The culture has built this blockade up, telling us that to be a man we can and should take rather than give of self; that we can dominate rather than serve, and be mediocre rather than great. But we all want more than this. And we know it. We want to live life with a drive, to be filled with an energy that makes our lives lights to a world so in need of them. We want to be dependable to our friends, to our families, to our girlfriends and wives and to our children. We want to be towers of strength for those in our lives who need strength and reassurance.

We want a challenge, an adventure to live. As young boys, we dreamt of being knights, storming the keep and rescuing the princess. We dreamt of standing atop the medal podium while our country’s anthem played in front of 100,000 fans. We saw pictures in old magazines of Sir Edmund Hillary and Tenzing Norgay, for the first time ever conquering the heights of Everest and felt a burning desire to climb high. Deep down inside all of us, we know this to be true, but all too often this desire for greatness may be covered up by the allure of mediocrity that the culture offers to us. We want to be alive, but we cannot become so if we remain slaves to the culture’s model of success and happiness. Because it is not these things that make us truly alive.
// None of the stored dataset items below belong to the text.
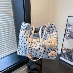 甜美少女蝴蝶结单肩托特包包女2025新款韩版时尚学院风大容量女包
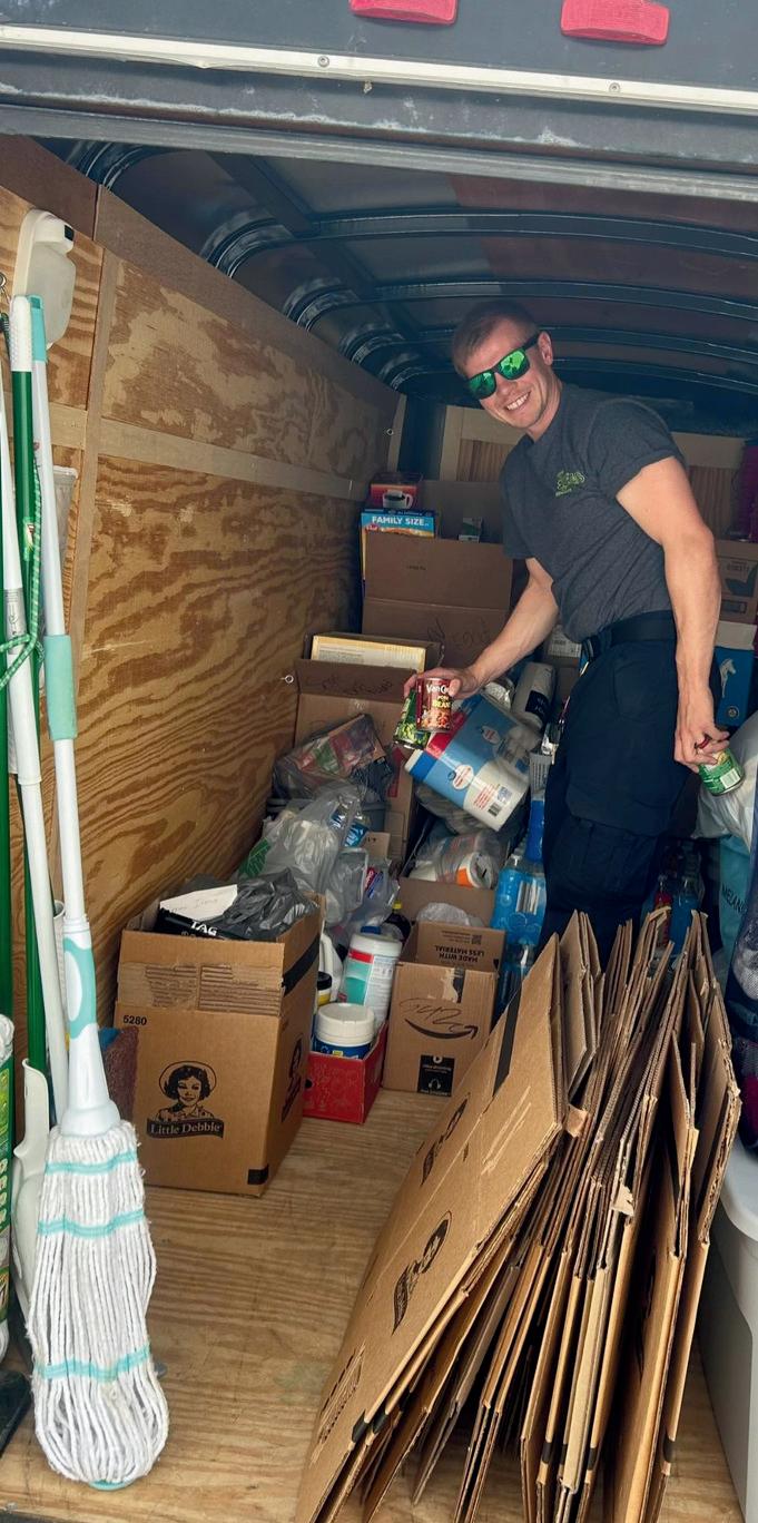 Owen Co. EMT Ben Perkins loading up the trailer with donations for flood victims
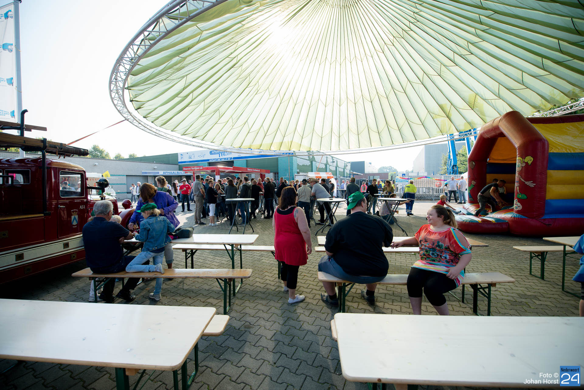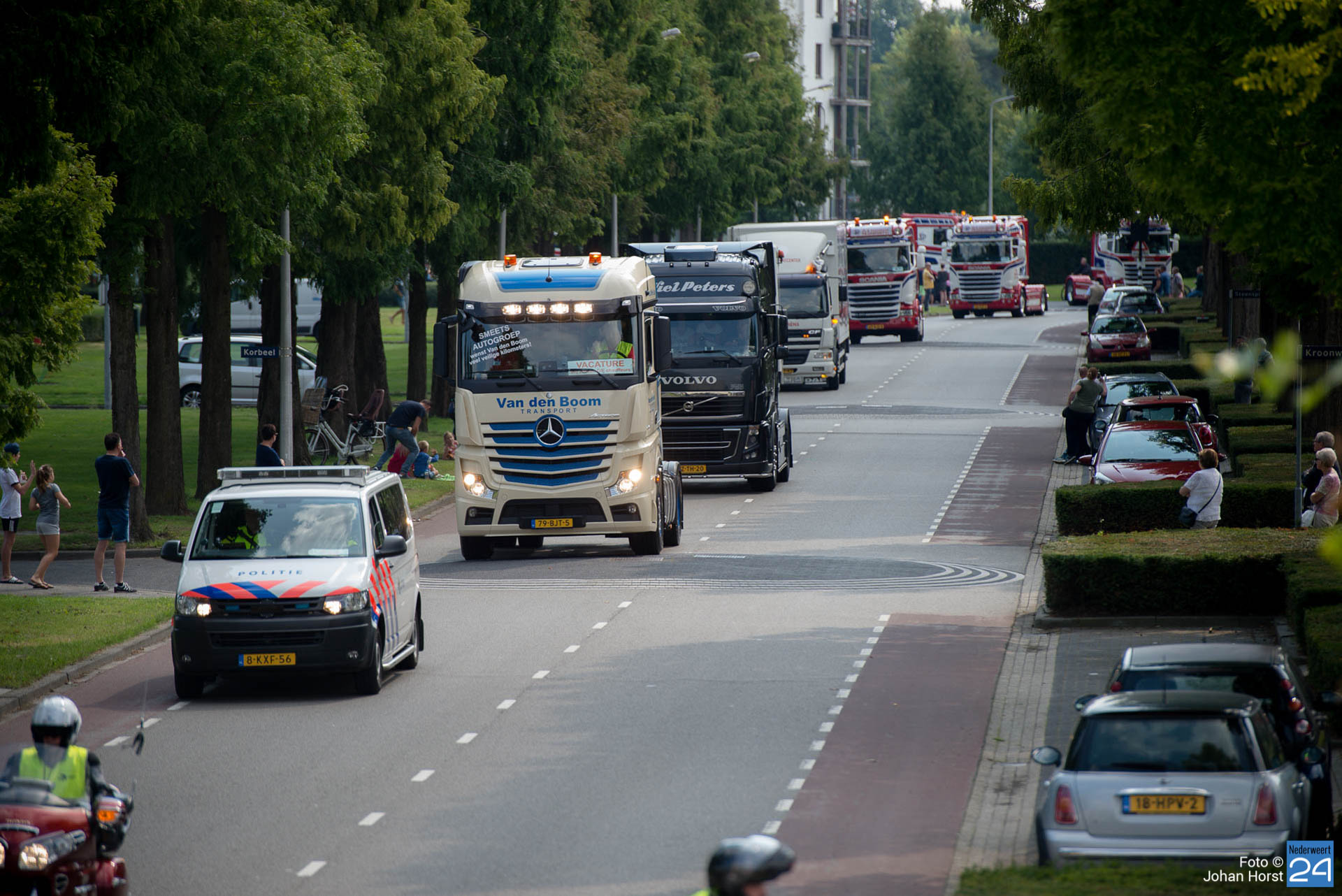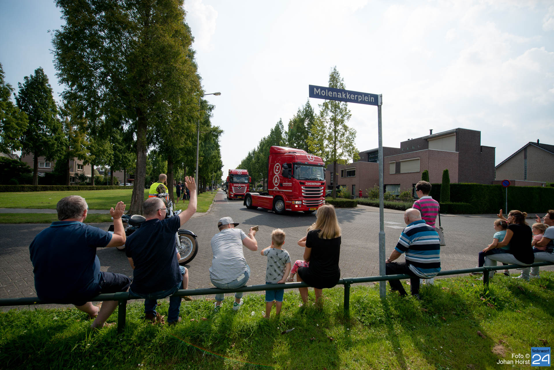 Om kwart over twaalf vertrok de stoet om koers te zetten voor een rondje door de regio. Na een ere(haag)douche van de brandweer op de Pannenweg in Nederweert waren ze rond half vier weer terug op het feestpaviljoen bij Verhuurbedrijf Lumar BV op industrieterrein Kampershoek.
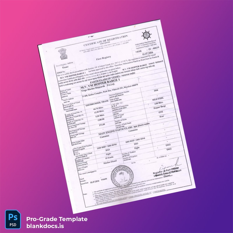 This certificate template is ideal for newly registered maritime companies, legal professionals handling corporate compliance, and administrative staff who manage timely submissions of registration documents. Whether you’ve lost your original certificate, require a replacement due to expiration, or need to generate multiple forms rapidly, this template mitigates common frustrations of re-application delays and formatting errors.
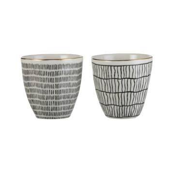 Het is altijd tijd voor koffie, of thee. De keuze maak je zelf. Maar gezellig ziet het er wel uit met deze zwart witte bekers.

It is not these things that bring us true and lasting happiness and peace.

Why is it that when we hear stories of men’s valor in war or of an athlete overcoming all critics and battling through injuries to win the crown of laurels, we are inspired, filled with hope, and the human spirit comes alive within us? We hear of the man who, in order to save the lives of his fellow soldiers, leaps onto a live grenade, giving his life in the process. We hear of a man who, in the midst of the one of the most difficult periods of American history, enters the boxing ring with a broken wrist, taking upon himself all the pain that this would bring because entering the ring was the only way to feed his family. What of the man who, as if in direct opposition of a regime who deemed him less than human, became world champion in that regime’s very own national stadium? Or the men who sailed through 800 miles of frozen ocean in order to find help for their stranded comrades? Brothers, these real stories awaken something within us because these are the things that truly correspond to our hearts. The things of the culture which tell us to take rather than give, to domineer over others rather than serve them, and to settle for mediocrity rather than challenge ourselves cannot even compare.

To some men, speaking of the heart may seem anything but manly—but that could not be further from the truth. We need look only as far as one of the great virtues men are called to live out—courage (from the French “coeur”, meaning “heart”)—to see that the heart speaks of greatness. The heart is the place within a man where his hopes and dreams take wing, where his passion becomes pure, where his bravery becomes valor, and where his cares become love. Don’t be afraid of that part of you, brother – it’s that part that will make you a tower of strength right now for your girl and for your child.